» **PROMPT**
Reproduce exactly only the lines from the line that holds "FARINA is being" to the line that holds "Float a river, hike", inclusive, in the listing below, and please leave out every picture.

» **INFORMATION SUPPLIED**

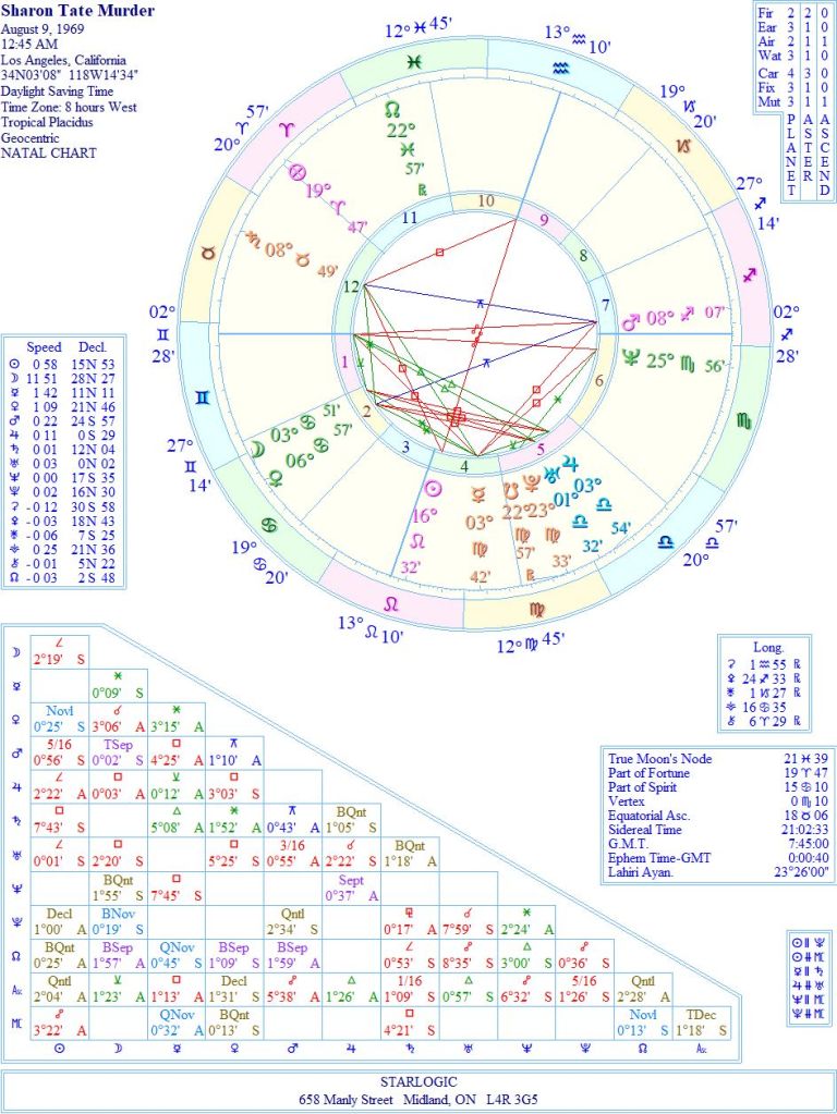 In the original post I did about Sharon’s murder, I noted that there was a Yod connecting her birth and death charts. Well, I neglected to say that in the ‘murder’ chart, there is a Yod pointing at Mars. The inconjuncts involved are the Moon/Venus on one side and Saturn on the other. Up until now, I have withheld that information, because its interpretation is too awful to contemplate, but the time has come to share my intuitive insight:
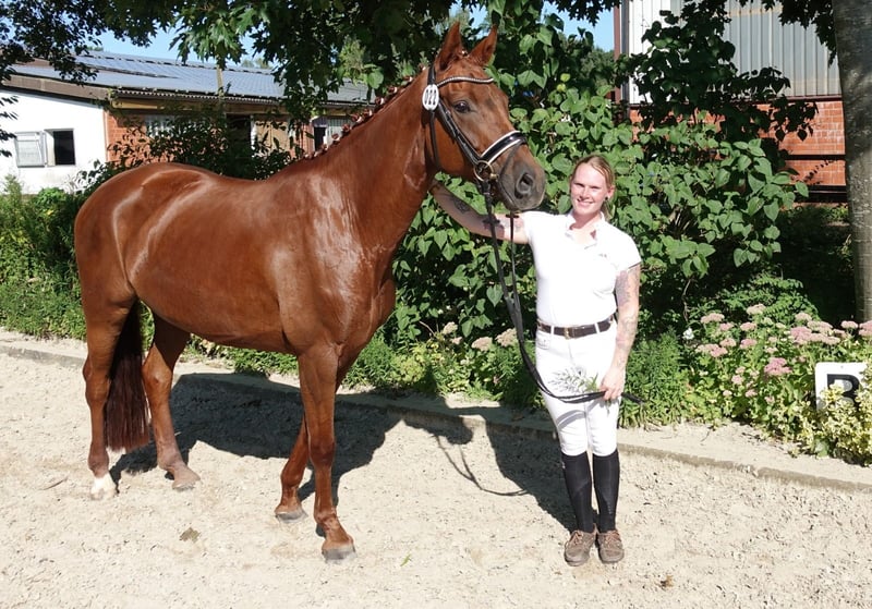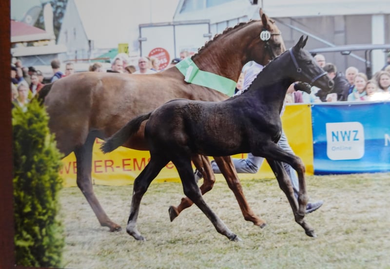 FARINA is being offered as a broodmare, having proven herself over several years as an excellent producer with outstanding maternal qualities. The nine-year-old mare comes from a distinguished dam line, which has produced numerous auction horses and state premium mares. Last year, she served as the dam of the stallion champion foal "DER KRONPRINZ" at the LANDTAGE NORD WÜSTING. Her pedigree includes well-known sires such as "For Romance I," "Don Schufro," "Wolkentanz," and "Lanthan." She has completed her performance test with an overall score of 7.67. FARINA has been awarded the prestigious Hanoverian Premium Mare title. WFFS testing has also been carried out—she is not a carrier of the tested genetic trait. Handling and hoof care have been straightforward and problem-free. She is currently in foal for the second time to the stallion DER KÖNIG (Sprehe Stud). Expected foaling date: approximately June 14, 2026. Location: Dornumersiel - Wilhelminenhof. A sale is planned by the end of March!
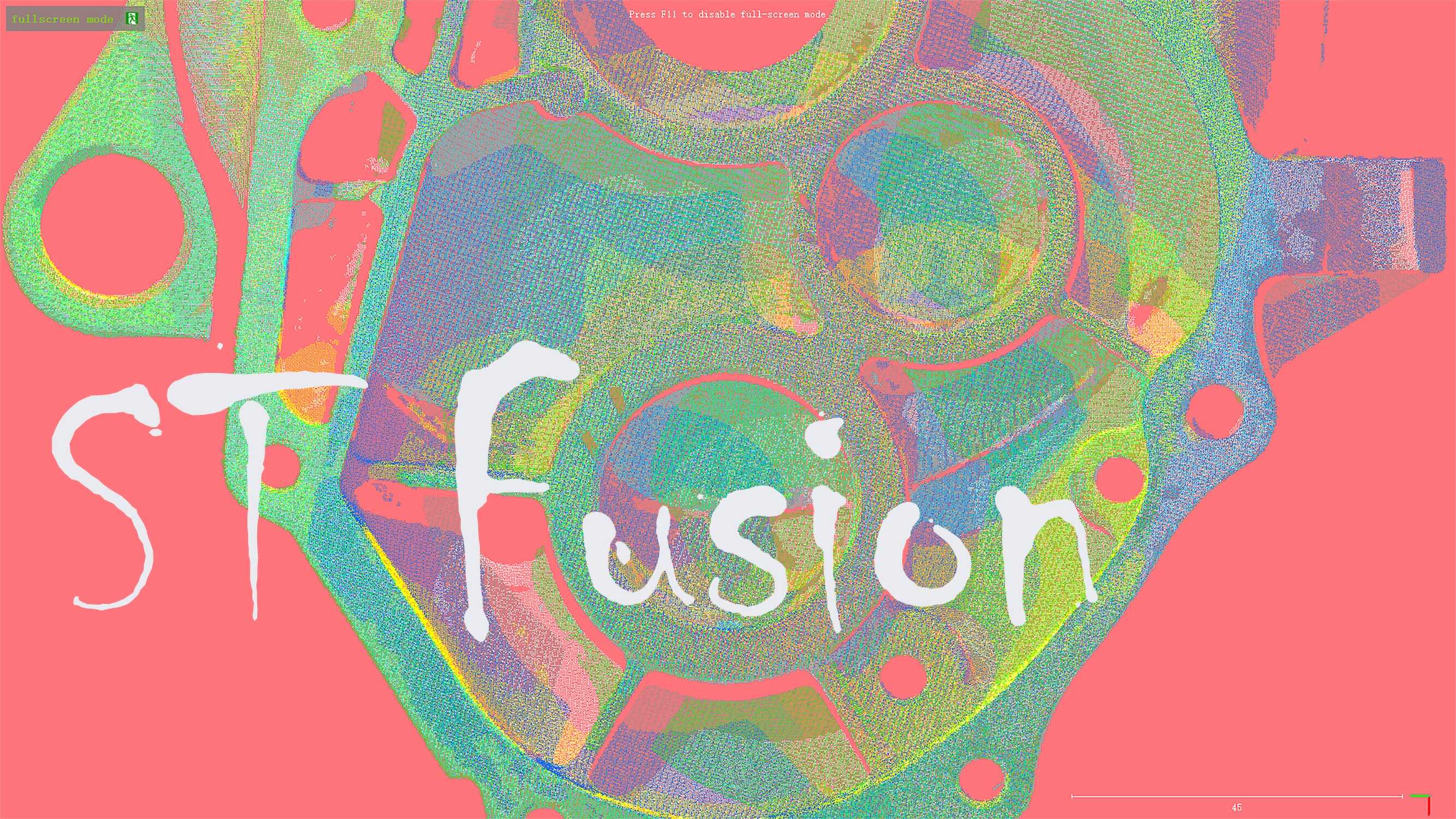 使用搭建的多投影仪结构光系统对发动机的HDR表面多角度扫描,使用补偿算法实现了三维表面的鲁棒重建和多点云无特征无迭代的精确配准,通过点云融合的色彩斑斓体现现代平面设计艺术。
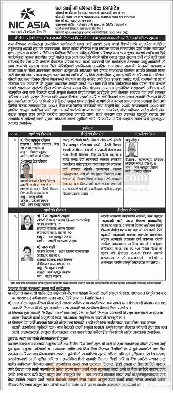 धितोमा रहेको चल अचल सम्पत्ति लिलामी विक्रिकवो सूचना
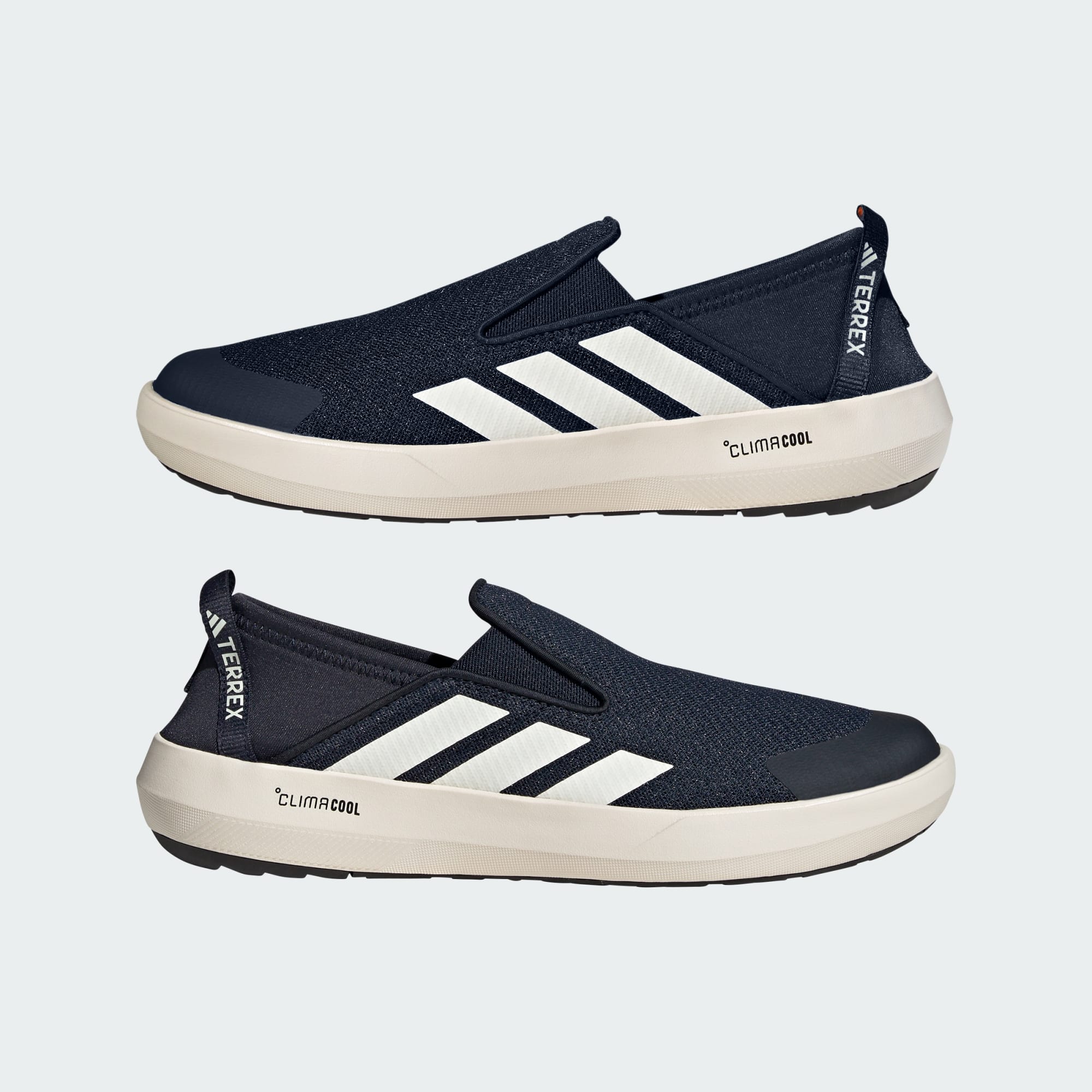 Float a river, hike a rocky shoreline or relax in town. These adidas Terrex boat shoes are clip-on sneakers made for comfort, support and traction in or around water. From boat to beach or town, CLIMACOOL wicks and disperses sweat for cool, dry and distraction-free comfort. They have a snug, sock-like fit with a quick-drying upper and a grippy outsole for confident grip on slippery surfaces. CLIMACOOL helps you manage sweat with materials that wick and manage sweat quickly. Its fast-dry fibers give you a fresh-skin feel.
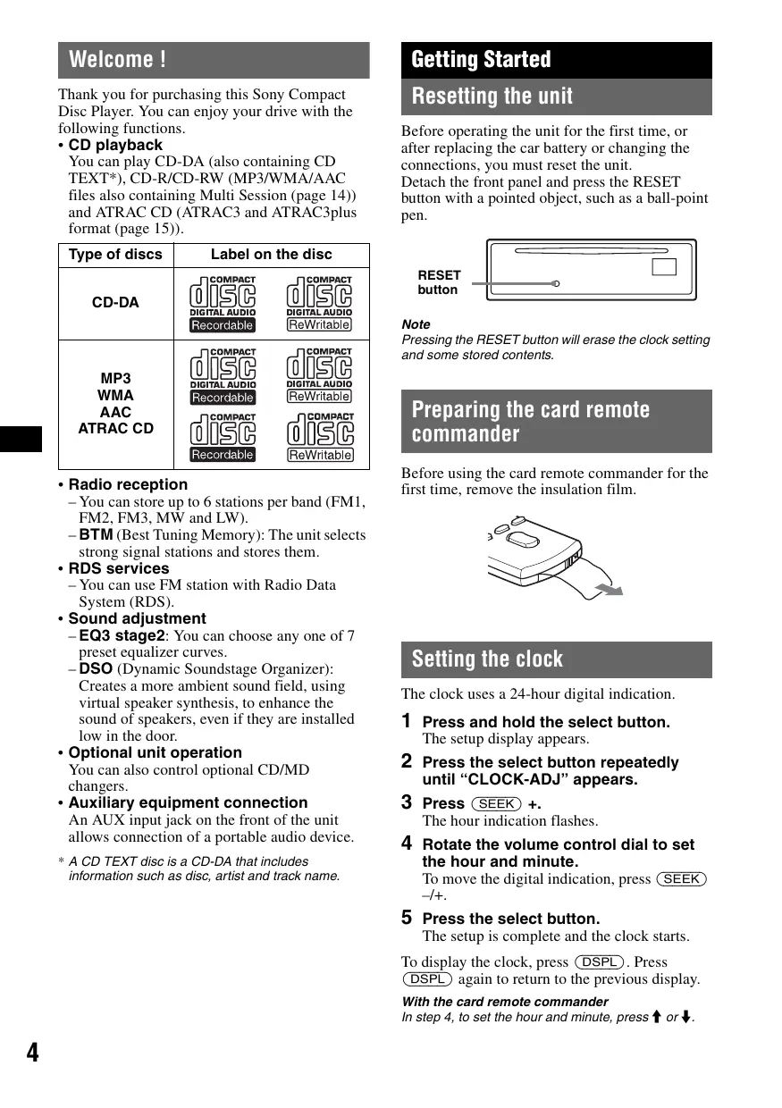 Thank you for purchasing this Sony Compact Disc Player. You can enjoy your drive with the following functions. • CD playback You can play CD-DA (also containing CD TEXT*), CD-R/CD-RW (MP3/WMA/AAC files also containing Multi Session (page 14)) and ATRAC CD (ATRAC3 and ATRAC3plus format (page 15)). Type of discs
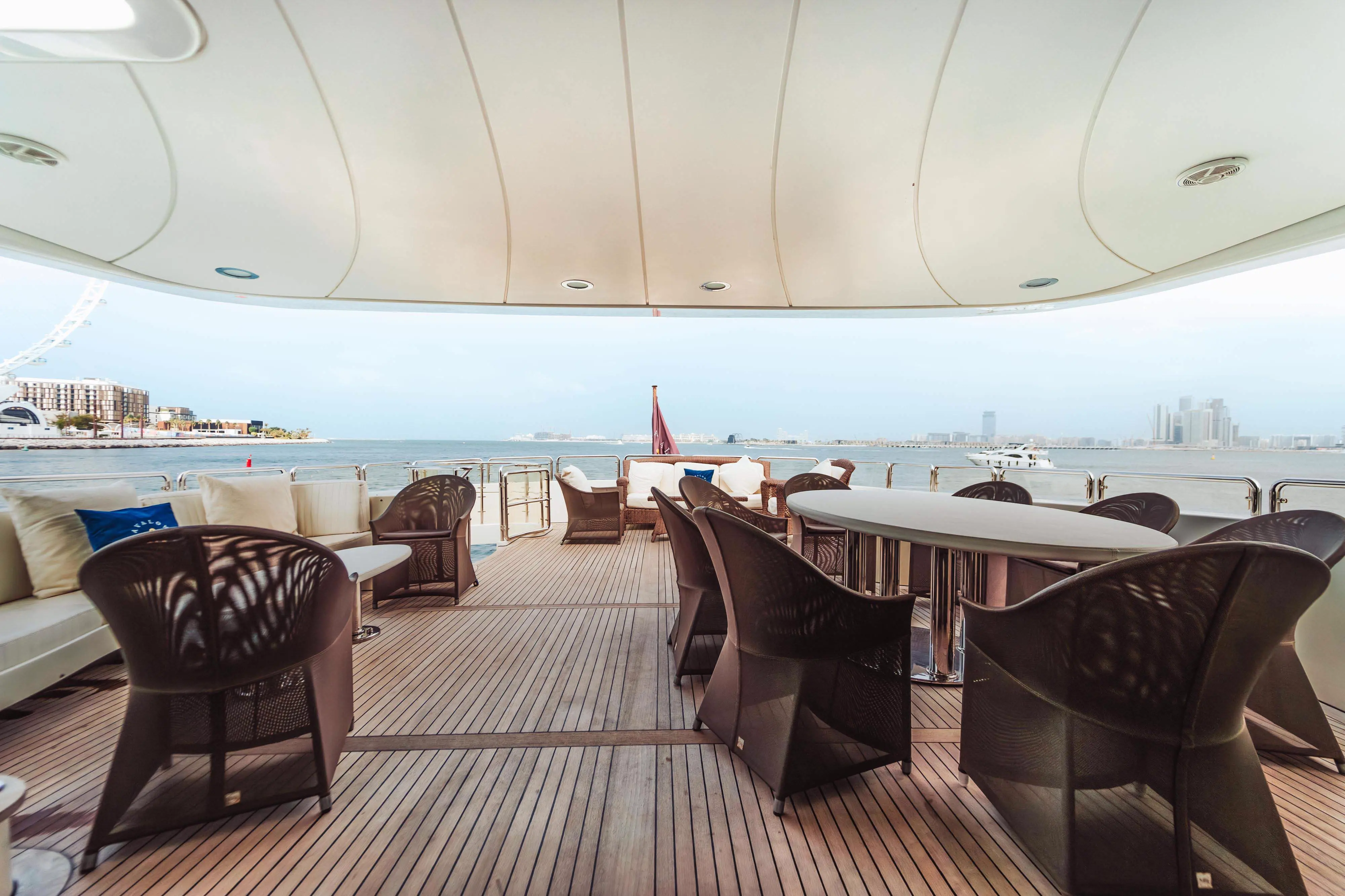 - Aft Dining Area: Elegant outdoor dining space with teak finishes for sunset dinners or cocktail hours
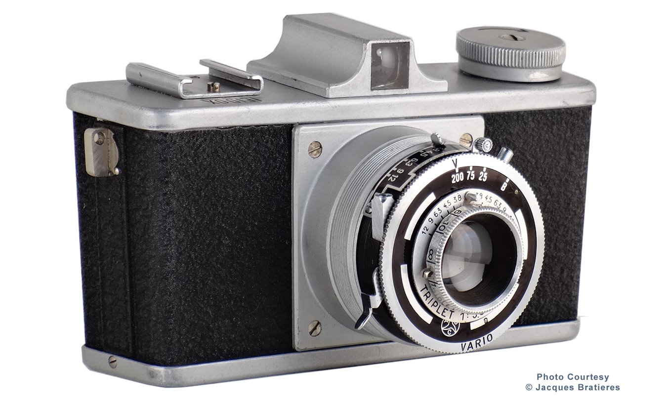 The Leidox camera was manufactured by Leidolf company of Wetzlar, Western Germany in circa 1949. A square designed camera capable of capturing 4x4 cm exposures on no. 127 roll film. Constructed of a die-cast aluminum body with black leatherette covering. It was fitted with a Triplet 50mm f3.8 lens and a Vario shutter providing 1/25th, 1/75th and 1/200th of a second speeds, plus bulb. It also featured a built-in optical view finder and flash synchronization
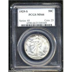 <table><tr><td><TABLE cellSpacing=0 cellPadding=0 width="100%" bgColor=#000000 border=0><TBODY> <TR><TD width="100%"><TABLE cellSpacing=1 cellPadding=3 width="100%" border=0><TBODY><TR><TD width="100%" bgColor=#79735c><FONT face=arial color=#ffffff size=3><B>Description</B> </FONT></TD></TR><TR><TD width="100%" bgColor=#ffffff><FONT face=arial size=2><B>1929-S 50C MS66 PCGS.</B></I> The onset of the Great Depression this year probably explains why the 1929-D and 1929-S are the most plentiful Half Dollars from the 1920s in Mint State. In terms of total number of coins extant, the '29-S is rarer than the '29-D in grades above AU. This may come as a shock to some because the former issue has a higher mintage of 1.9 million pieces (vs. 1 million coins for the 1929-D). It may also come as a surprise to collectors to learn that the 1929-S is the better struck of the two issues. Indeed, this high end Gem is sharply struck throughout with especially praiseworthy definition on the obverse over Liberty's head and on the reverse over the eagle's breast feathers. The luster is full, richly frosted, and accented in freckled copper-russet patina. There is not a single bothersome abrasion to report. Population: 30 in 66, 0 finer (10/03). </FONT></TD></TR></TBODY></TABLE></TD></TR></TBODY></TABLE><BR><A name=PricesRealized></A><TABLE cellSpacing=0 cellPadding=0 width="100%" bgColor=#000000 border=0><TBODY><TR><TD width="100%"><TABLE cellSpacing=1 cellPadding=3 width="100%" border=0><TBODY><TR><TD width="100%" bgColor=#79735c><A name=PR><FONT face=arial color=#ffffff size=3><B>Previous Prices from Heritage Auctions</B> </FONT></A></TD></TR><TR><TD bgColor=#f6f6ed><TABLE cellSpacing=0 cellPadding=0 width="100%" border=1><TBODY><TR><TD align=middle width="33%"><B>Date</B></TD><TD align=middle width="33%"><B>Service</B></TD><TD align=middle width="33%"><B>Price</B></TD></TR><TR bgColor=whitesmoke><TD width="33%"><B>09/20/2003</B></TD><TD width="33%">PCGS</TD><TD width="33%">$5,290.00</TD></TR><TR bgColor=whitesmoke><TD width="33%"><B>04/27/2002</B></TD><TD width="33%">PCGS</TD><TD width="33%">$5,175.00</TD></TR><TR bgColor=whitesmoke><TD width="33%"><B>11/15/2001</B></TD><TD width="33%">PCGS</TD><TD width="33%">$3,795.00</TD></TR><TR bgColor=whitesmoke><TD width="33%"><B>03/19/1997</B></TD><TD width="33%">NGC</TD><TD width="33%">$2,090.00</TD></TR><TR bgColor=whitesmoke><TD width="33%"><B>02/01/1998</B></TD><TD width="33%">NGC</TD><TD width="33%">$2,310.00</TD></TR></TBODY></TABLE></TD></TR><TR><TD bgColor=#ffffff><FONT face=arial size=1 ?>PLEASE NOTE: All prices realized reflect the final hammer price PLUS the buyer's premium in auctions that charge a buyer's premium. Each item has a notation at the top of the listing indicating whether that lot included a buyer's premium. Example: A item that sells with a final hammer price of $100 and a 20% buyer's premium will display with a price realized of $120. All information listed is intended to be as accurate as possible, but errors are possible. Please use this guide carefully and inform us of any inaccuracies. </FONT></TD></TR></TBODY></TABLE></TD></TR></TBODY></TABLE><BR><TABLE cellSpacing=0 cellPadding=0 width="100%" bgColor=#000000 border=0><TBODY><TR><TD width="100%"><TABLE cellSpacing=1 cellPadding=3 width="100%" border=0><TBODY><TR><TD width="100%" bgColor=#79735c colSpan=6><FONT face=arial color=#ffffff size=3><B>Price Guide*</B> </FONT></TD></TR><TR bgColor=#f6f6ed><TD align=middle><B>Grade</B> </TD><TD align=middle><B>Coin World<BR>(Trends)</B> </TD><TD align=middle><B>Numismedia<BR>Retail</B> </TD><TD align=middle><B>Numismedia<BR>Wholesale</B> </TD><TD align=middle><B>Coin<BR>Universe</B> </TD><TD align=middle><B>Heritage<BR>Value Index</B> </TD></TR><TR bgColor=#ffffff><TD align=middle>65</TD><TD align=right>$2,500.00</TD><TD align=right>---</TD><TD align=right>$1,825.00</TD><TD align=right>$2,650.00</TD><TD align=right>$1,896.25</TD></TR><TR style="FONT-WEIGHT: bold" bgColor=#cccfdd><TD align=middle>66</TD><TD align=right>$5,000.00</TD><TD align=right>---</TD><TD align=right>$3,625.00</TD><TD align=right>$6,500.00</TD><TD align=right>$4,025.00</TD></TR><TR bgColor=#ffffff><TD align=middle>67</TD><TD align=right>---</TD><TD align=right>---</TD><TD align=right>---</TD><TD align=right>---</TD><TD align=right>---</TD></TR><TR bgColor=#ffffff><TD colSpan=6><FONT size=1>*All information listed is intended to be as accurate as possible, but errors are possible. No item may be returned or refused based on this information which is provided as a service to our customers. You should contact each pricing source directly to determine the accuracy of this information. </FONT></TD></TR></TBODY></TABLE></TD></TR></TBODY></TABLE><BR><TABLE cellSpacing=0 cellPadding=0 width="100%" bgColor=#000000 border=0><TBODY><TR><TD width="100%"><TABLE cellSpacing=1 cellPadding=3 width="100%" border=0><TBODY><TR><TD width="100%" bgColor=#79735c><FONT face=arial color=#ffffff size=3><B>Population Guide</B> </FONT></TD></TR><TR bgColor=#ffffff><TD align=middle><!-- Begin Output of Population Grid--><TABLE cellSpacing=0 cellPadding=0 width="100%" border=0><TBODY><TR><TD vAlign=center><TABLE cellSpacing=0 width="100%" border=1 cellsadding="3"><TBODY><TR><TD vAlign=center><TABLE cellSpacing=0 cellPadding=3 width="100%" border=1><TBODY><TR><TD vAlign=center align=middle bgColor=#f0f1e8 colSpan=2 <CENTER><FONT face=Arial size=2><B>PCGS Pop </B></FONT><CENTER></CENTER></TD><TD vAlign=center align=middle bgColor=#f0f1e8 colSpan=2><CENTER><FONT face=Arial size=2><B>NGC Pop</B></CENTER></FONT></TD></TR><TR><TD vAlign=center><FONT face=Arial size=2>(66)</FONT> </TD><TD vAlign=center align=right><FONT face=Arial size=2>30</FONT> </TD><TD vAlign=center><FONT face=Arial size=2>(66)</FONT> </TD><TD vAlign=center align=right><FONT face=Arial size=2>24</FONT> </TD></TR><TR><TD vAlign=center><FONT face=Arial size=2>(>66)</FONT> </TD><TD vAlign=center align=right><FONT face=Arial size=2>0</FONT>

» **WRITTEN ANSWER**
 FARINA is being offered as a broodmare, having proven herself over several years as an excellent producer with outstanding maternal qualities. The nine-year-old mare comes from a distinguished dam line, which has produced numerous auction horses and state premium mares. Last year, she served as the dam of the stallion champion foal "DER KRONPRINZ" at the LANDTAGE NORD WÜSTING. Her pedigree includes well-known sires such as "For Romance I," "Don Schufro," "Wolkentanz," and "Lanthan." She has completed her performance test with an overall score of 7.67. FARINA has been awarded the prestigious Hanoverian Premium Mare title. WFFS testing has also been carried out—she is not a carrier of the tested genetic trait. Handling and hoof care have been straightforward and problem-free. She is currently in foal for the second time to the stallion DER KÖNIG (Sprehe Stud). Expected foaling date: approximately June 14, 2026. Location: Dornumersiel - Wilhelminenhof. A sale is planned by the end of March!
 使用搭建的多投影仪结构光系统对发动机的HDR表面多角度扫描,使用补偿算法实现了三维表面的鲁棒重建和多点云无特征无迭代的精确配准,通过点云融合的色彩斑斓体现现代平面设计艺术。
 धितोमा रहेको चल अचल सम्पत्ति लिलामी विक्रिकवो सूचना
 Float a river, hike a rocky shoreline or relax in town. These adidas Terrex boat shoes are clip-on sneakers made for comfort, support and traction in or around water. From boat to beach or town, CLIMACOOL wicks and disperses sweat for cool, dry and distraction-free comfort. They have a snug, sock-like fit with a quick-drying upper and a grippy outsole for confident grip on slippery surfaces. CLIMACOOL helps you manage sweat with materials that wick and manage sweat quickly. Its fast-dry fibers give you a fresh-skin feel.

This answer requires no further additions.